Though she was heartbroken after retiring her mount, in December Quinn learned she may have another opportunity to compete in the Brentina Cup as her sponsor acquired Beckham 19 for Quinn to compete in the U25 Grand Prix division. With Beckham under her care, Quinn kept very busy as she had also earned Adrienne’s trust over the years and had grown from a working student to her assistant trainer.

Quinn Iverson and Beckham 19

Teamwork between Europe and Colorado

“This summer was crazy with 22 horses under my care while Adrienne was in Europe,” Quinn said. “I was in the saddle from 7 a.m. to 3 p.m. riding a full string of horses, including all the horses Adrienne and Katie [Duerrhammer] are competing this week!”

Though Adrienne and Quinn would attempt to do virtual lessons, technology often made it challenging.

“We did the best we could over video lessons but it inevitably would freeze at the most inopportune moment, like a flying change. I’d go ‘Not sure if that was clean or not, but from what I can see, it looks pretty good!’” Adrienne laughed. “Quinn was a great sport about it despite the technology and different time zones. She was on her own and she obviously did an amazing job!”

Between her return from Denmark to packing up the trailers for Illinois, the duo only had a five day turnaround. 

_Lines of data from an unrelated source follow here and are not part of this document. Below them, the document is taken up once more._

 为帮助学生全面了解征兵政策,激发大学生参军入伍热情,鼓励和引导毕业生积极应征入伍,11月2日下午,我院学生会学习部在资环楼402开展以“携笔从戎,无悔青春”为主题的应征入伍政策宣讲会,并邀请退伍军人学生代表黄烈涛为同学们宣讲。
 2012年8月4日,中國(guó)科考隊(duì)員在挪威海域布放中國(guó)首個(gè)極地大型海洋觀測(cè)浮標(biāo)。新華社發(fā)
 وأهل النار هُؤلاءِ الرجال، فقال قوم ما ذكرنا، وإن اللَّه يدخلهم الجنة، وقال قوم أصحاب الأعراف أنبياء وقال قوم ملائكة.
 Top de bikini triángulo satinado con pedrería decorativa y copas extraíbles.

“I think it’s incredible how Adrienne does what she does — that she can go straight from a European tour with so much pressure to hopping on these young horses I’ve been riding all summer – it’s amazing,” Quinn said. “It was really helpful that I’ve been in her training program long enough that I can keep in mind, without everyday help, what our goal is for each horse, and to able to keep them in shape and ready for her return.”

Adrienne Lyle and Valor

Quinn’s hard work and commitment this summer not only paid off with her own tricolor ribbon, but it certainly was a contributing factor for Adrienne as she racked up two championship titles on Saturday during the Markel/USEF Young Horse Dressage National Championships. On Betsy Juliano’s Fürst Dream she won the 4-Year-Old division with an overall score of 9.292, and on Kylee Lourie’s Valor she won the 5-Year-Old division with an overall score of 9.248.

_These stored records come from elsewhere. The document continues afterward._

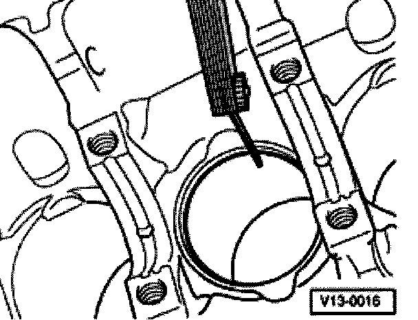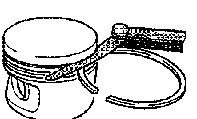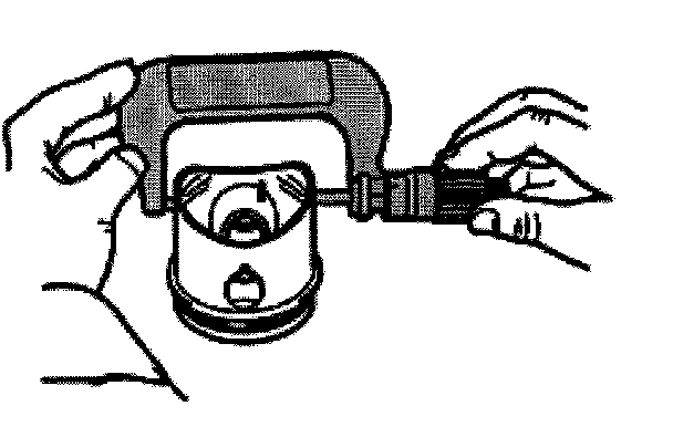 ^ Measure approximately 10 mm (3/8 inch) from bottom edge, at points offset by 90 from piston pin axis.
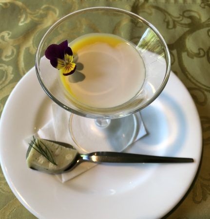まず、かぼちゃのムース&ディルがのったバジルのテリーヌ。かぼちゃのムースはふわふわ。テリーヌは、バジルの香りがいい感じ。ディルはお庭で朝摘んだものだそうです。ムースにあしらわれたすみれは、種から育てたそうですよ!
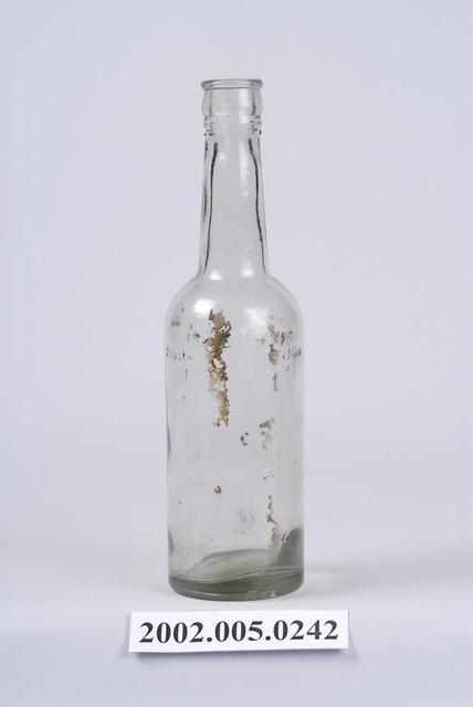 1.此件玻璃瓶由透明玻璃製成,長約6.2公分,寬約6.3公分,高約22.4公分。瓶口有收邊,往下有三圈突起,瓶頸瘦長,至瓶身向外呈圓弧狀,並直筒到瓶底。瓶身壓有圖樣與文字,但難以辨識。瓶身有髒污痕跡,玻璃內有氣泡。2.臺灣在早期民生用器具多由陶、瓷製成,玻璃製品屬珍稀進口物品,多為上層社會人士所用。直到日治時期受總督府西化、現代化的影響下,引進與開發玻璃產業,玻璃製的日常用品才漸普及於社會大眾。

“I was really thrilled with both of them today,” Adrienne said. “Dreamer was quite frisky today in the warm-up and going around the outside of the ring, but then he really focused when we went down the center line. He has such an incredible suppleness and he's got an amazing brain. For Valor, there seemed to be more electricity in the air compared to earlier in the week, but he put his head down, went right to work and was so rideable. He’s such a kind and giving horse, and I think that's what I enjoy the most about him.”